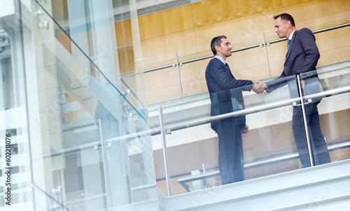 Low angle, business people or handshake in corporate modern office, finance company or investment startup. Men, shaking hands or partnership gesture for workers in welcome greeting or thank you deal
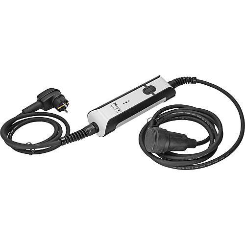 Schnurzwischengerät, ideal fr ortsveränderliche Elektrogeräte im Freien, allpolig schaltend mit Differenzstromschutzeinrichtung, Unterspannungsausl”sung, Fremdspannungserkennung, Schutzleitererkennung und -berwachung sowie Kontroll-Glimmlampe, Ein- und Prf-Taste, Gehäuse schlagfest, VDE/GS der BG K”ln
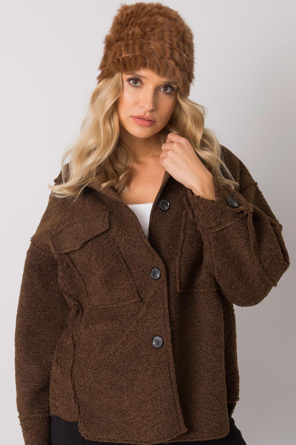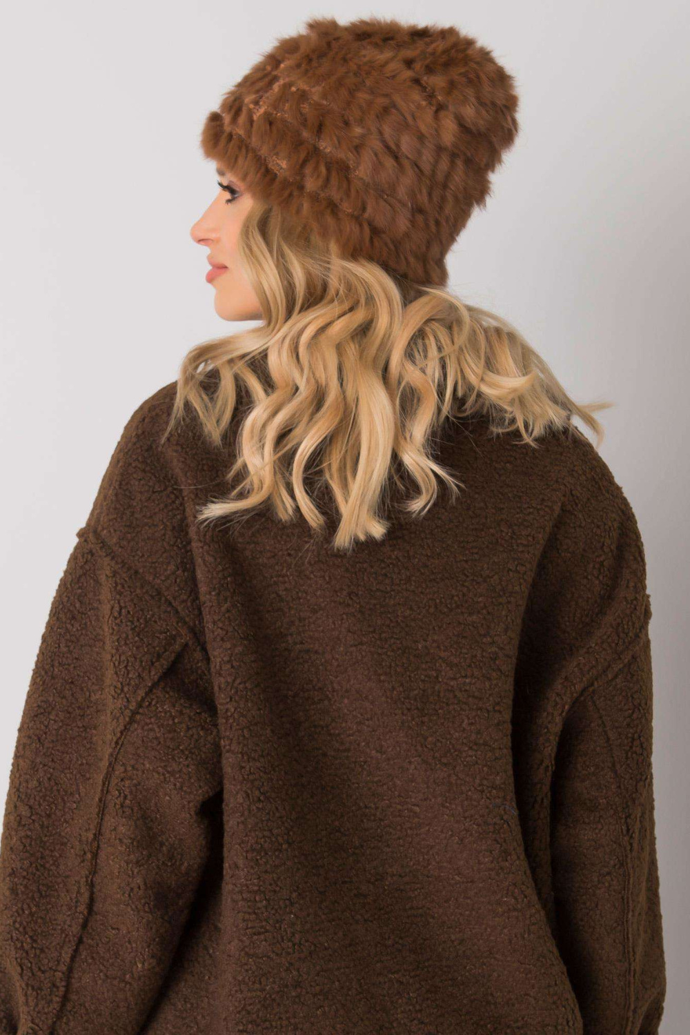 Gaiši brūna kažokādas cepure. materiāla sastāvs: augšdaļa - 100% lapīns, odere - 100% akrils mazgāšanas veids: nemazgāt
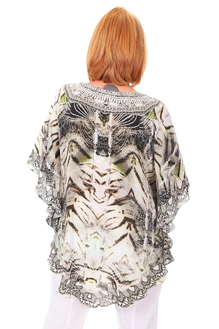 Float like a butterfly with wings of vibrant rainbow in this Tahiti Butterfly Kaftan by Fashion Spectrum. With luscious floaty sleeves that drape with elegance and follow the hemline down to a soft peak this 100% pure silk top is glamorous and versatile. Highlighted with white beading this beautiful Fashion Spectrum silk kaftan is ideal for everything from weddings to cruising!
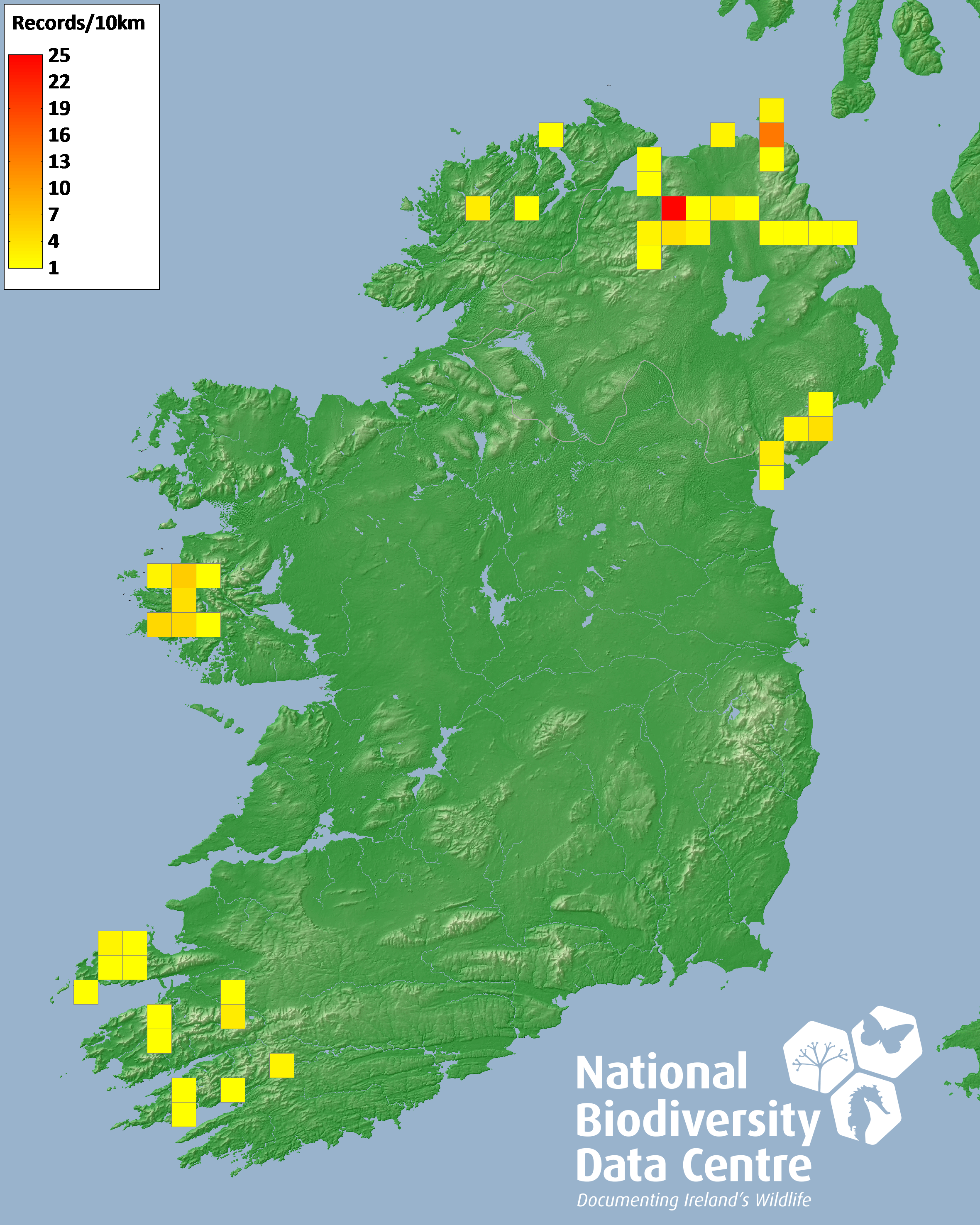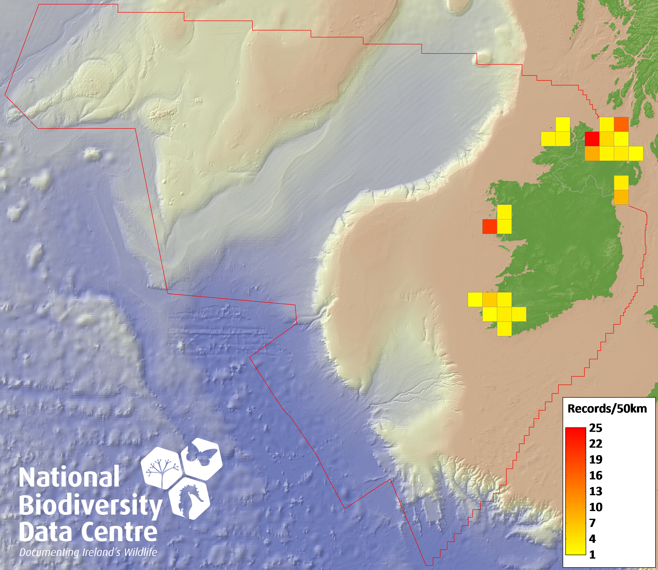 Distribution of the number of records recorded within each 10km grid square (ITM).Marine Map - 50km
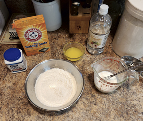 - Combine flour, sugar, baking powder, salt and baking soda in a large bowl and whisk until well combined.
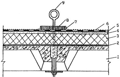 1 - сборная железобетонная плита покрытия; 2 - пароизоляция (по расчету); 3 - теплоизоляция; 4 - выравнивающая стяжка; 5 - основной водоизоляционный ковер; 6 - защитный слой; 7 - рамка из уголка; 8 - герметизирующая мастика; 9 - анкер
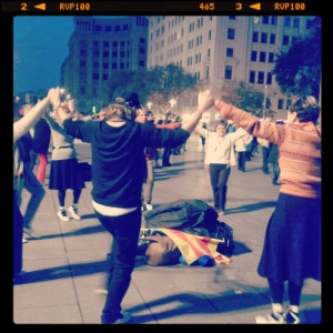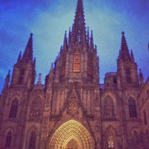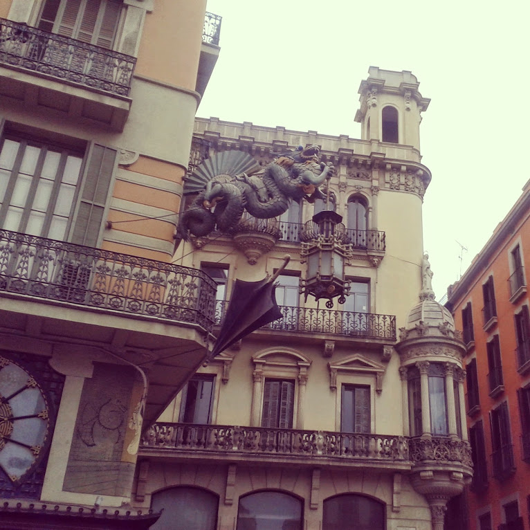 Après une pause cappucino, chocolat chaud, nous voici reparties à l’aventure, un petit tour chez Zara, on enchaîne Le barro gotico, la cathédrale avec des danseurs de Sardane devant, on remonte jusqu’à Passeig de Gracia avec la Casa Battlò puis on termine à Gracia dans un resto bio terriblement bon avec une serveuse géniale qui parlait très bien français, nous offrant ainsi le dialogue suivant : « bon, je vais prendre ce cocktail » « non, tu veux pas prendre ça, non » « Heu, celui là alors ? » « Non, tu veux pas non plus, c’est pas bon » »Bon alors si je veux boire du vin rouge, par exemple, je veux quoi ? » « Celui là est très bien ». Ouais, j’avoue, il est très bien.
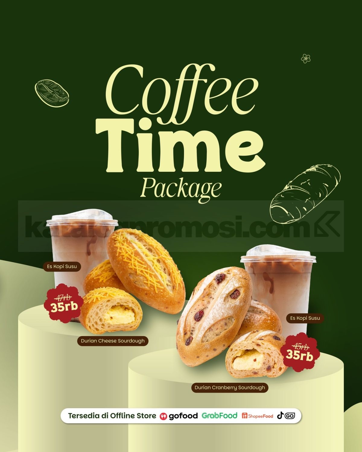 - Es Kopi Susu dan Durian Cranberry Sourdough seharga Rp. 35.000
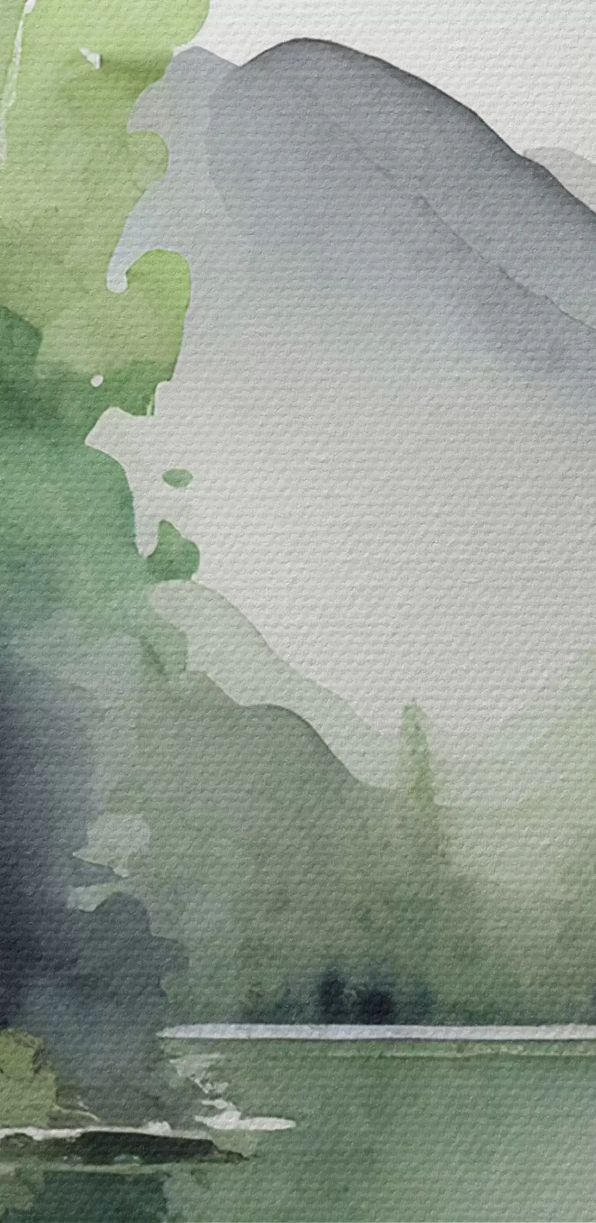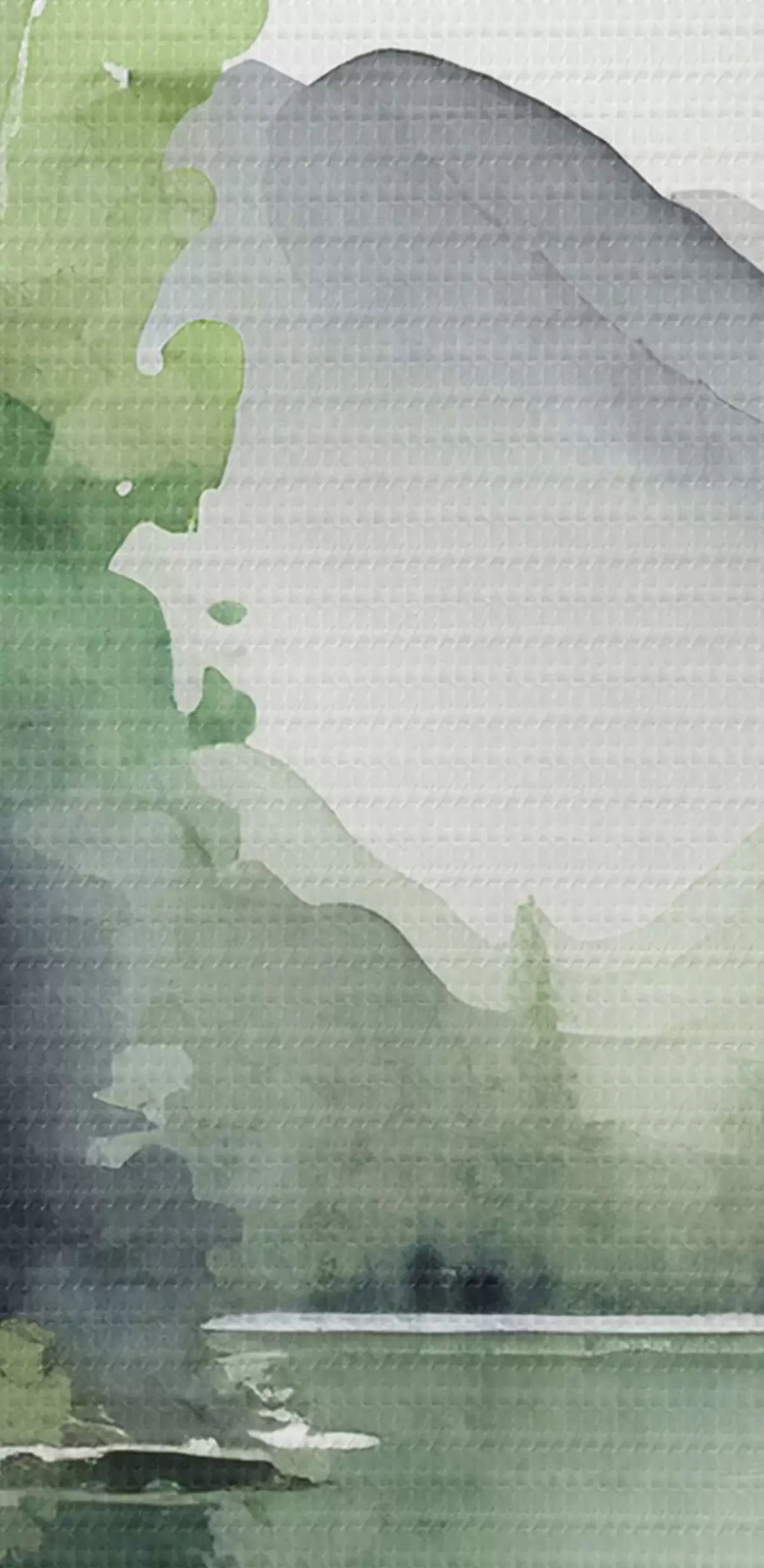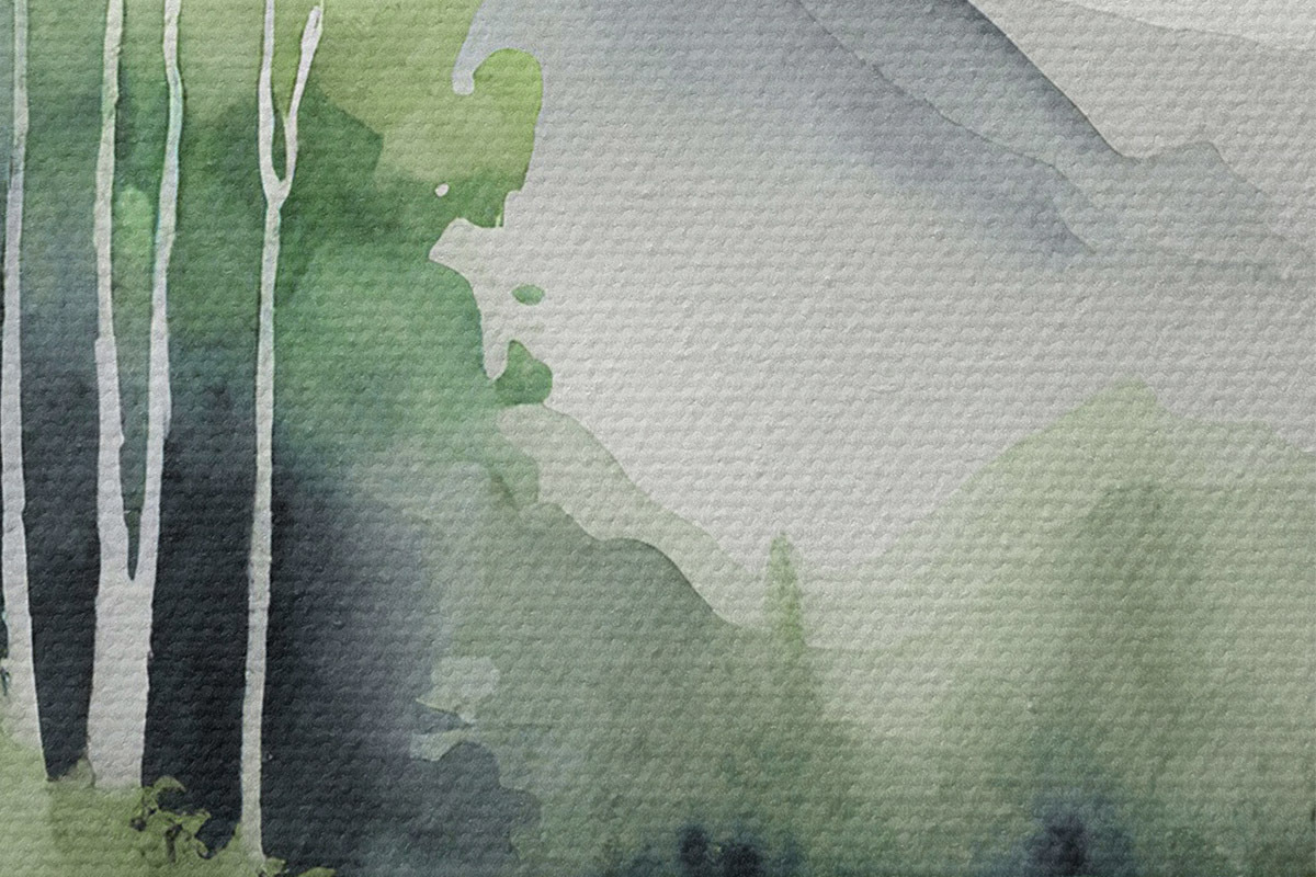 Picturi rotunde Peisaj acuarelă de lac și pădure, primăvară, verde natural culori moi r36503

########################################

▶ Your task: When pictures appear in the records above, leave them out and reproduce exactly each line from the first through the line containing "Schnurzwischengerät, ideal fr", both included.

▶ Task solution:
 Low angle, business people or handshake in corporate modern office, finance company or investment startup. Men, shaking hands or partnership gesture for workers in welcome greeting or thank you deal
 Schnurzwischengerät, ideal fr ortsveränderliche Elektrogeräte im Freien, allpolig schaltend mit Differenzstromschutzeinrichtung, Unterspannungsausl”sung, Fremdspannungserkennung, Schutzleitererkennung und -berwachung sowie Kontroll-Glimmlampe, Ein- und Prf-Taste, Gehäuse schlagfest, VDE/GS der BG K”ln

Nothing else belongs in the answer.